A simple audit-log system to log events of other services and provide a way to query them.
Simply clone the project and use docker-compose to run it:
git clone https://github.com/masihyeganeh/audit-log.git
cd audit-log
docker-compose run --build
There are 3 predefined users in system:
Username | Password | Has Read Permission | Has Write Permission |
---|---|---|---|
admin | admin | yes | yes |
reader | reader | yes | no |
writer | writer | no | yes |
Before being able to use the system, you need to log in with one of the users first:
curl http://localhost:8088/login \
--header 'Content-Type: application/json' \
--data '{
"username": "admin",
"password": "admin"
}'
It gives a response like:
{
"status": "ok",
"response": {
"jwt_token": "JWT_TOKEN"
},
"error": ""
}
You need to provide this token in header of every log or query request to system.
Each event should have some common fields named common_field_1
and common_field_2
and it can have any number of additional variable fields.
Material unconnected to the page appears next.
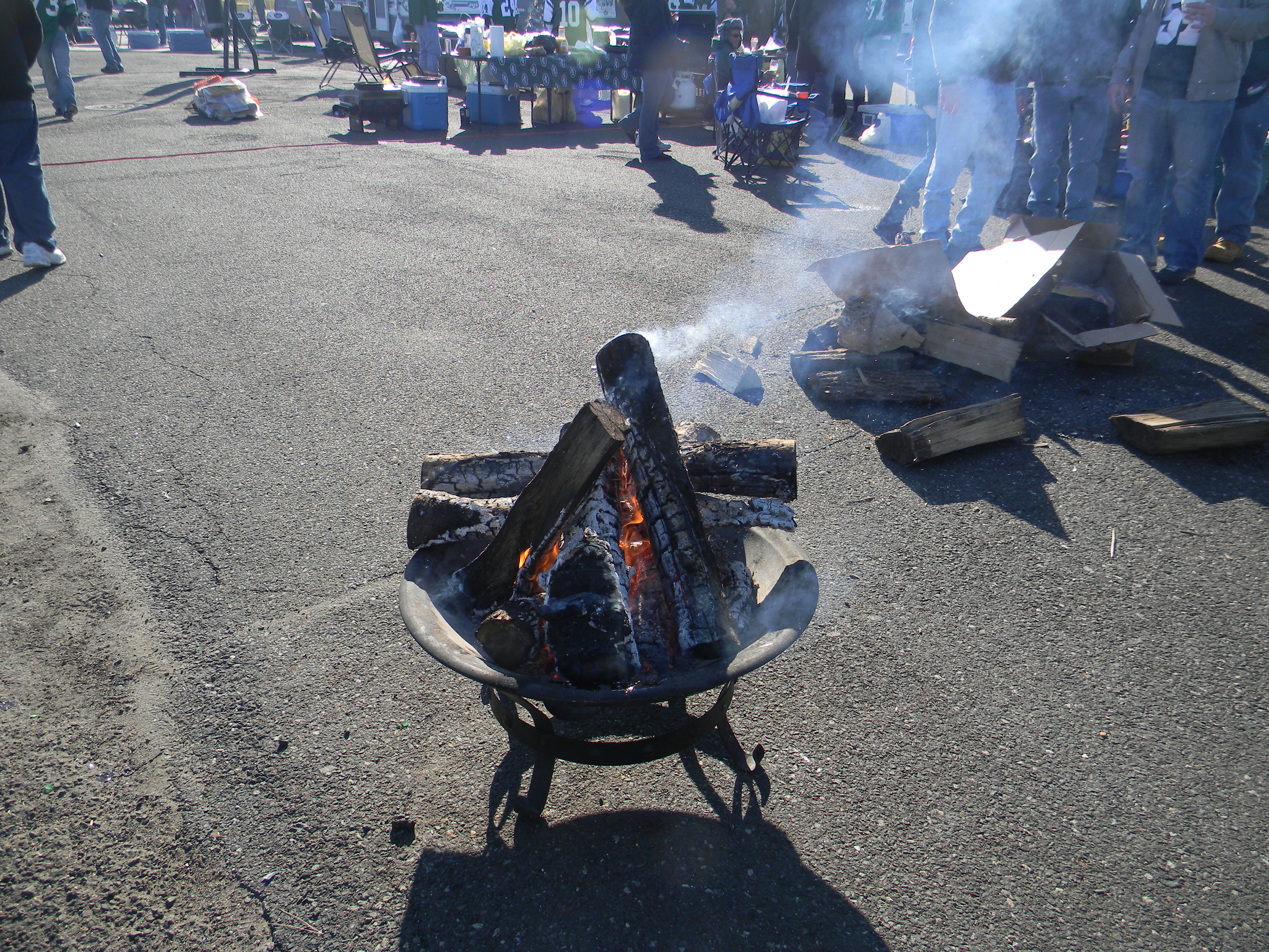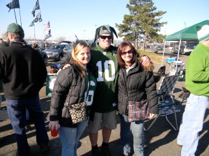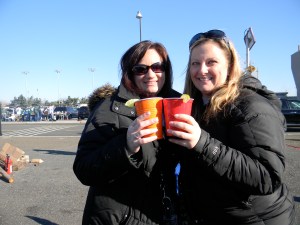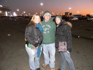 I went to the same tailgate I attended back in October, when I went to the game against the Dolphins. My friend Kevin is part of a tailgate group, where they basically have a communistic set up of beverages, snacks, real food, and then other wares, like chairs and wood-burning stoves. Kevin is married to another baseball chick I know, Sharon, and she came to celebrate our birthdays (since this was the birthday game). Sharon ended up going to the game, which wasn’t part of the original plan, but it ended up benefiting us for several reasons. One is that we love Sharon and she’s a lot of fun to hang out with…the other is that later on, we got to sit with Kevin and a few of his friends in the 200 level.

For now, every key and value should be string, it is explained why in design decisions.
curl http://localhost:8088/log \
--header 'Authorization: Bearer JWT_TOKEN' \
--header 'Content-Type: application/json' \
--data '{
"event_type": "customer_created",
"common_field_1": "something",
"common_field_2": "something else",
"fields": {
"identity": "1"
}
}'
or
curl http://localhost:8088/log \
--header 'Authorization: Bearer JWT_TOKEN' \
--header 'Content-Type: application/json' \
--data '{
"event_type": "customer_did_action",
"common_field_1": "something",
"common_field_2": "something else",
"fields": {
"action_name": "something",
"resource": "the resource",
}
}'
or ...
To query events, you need to provide type of the event and optionally any other fields of it as filters.
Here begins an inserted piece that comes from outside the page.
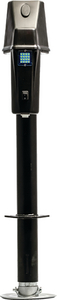 Raise and lower A-frame trailer tongue with just the press of a switch. Ball screw design raises loads efficiently, using less power than conventional electric tongue jacks. Overriding clutch protects against overloading. Front-entering manual drive handle provides clearance for tongue-mounted items. LED light for increased visibility.

For now, every key and value should be string, it is explained why in design decisions.
Query on common fields:
curl http://localhost:8088/query \
--header 'Authorization: Bearer JWT_TOKEN' \
--header 'Content-Type: application/json' \
--data '{
"event_type": "customer_created",
"filters": {
"common_field_1": "something"
}
}'
Query on variable fields:
curl http://localhost:8088/query \
--header 'Authorization: Bearer JWT_TOKEN' \
--header 'Content-Type: application/json' \
--data '{
"event_type": "customer_created",
"filters": {
"identity": "1"
}
}'
Query on both common and variable fields:
curl http://localhost:8088/query \
--header 'Authorization: Bearer JWT_TOKEN' \
--header 'Content-Type: application/json' \
--data '{
"event_type": "customer_created",
"filters": {
"common_field_1": "something",
"common_field_2": "something else",
"identity": "1"
}
}'
Because of nature of this project, you may need to support many ingestion protocols, and you may need to test many data stores, so I chose Hexagonal (Ports & Adapters) architecture. By taking advantage of layering of this architecture, the main logic of the program can be used with any type of inputs and storages.
Because it is stated that the system is write-intensive, I spin up many workers in goroutines to accept events and return immediately, then batch those events in background and write them in data store when batch size is large enough or a deadline is met.
And as a side-note, there are all kinds of shortcuts, and dirty implementations in the code because it is just a simple demo project.
Because it is write-intensive, I selected Clickhouse as data store, because it is an immutable columnar insert-only database and has no lock when inserting data.
But on the other hand, this is not the best database to handle variable data, so I made two implementation of it using two separate methods for handling variable data, Nested data
and Map
.
A trade-off of using this database for variable fields is that all keys and values should be string. There is a simple way of implementing many Maps or Nested data, one for each type of data (one for strings, one for integers, one for floats, ...). It can be implemented in a future version.
Another trade-off of using Clickhouse is that it works better with batch inserts instead of single inserts. But as explained before, the system is already batching events, so it is not a problem here.
For this first iteration, events are ingested to the system using simple json requests, but there are other ways for that. For example, it can accept events from other microservices using sockets (either tcp or udp). Another way to handle events with specific fields to them is using a data serialization system (like Apache Avro) to be able to define schema for each event type in the 3rd-party system. It can even parse structured log files and extract events from them.
For now, it is using json, and it would be better to have a Swagger documentation for it, but it was overkill for this simple API.
Because it is a simple project, authentication is implemented in a simple and dirty way. There are predefined users that can have read, write or read&write permission. There could be an access level for each event type and user groups and all sorts of fancy solutions, but not for a simple demo project. Because no framework is used to implement it, and it is using basic web-server functionality of Golang, authentication is handled in a silly way. It could be a full-fledged solution, and it could be handled in middleware that handles everything better.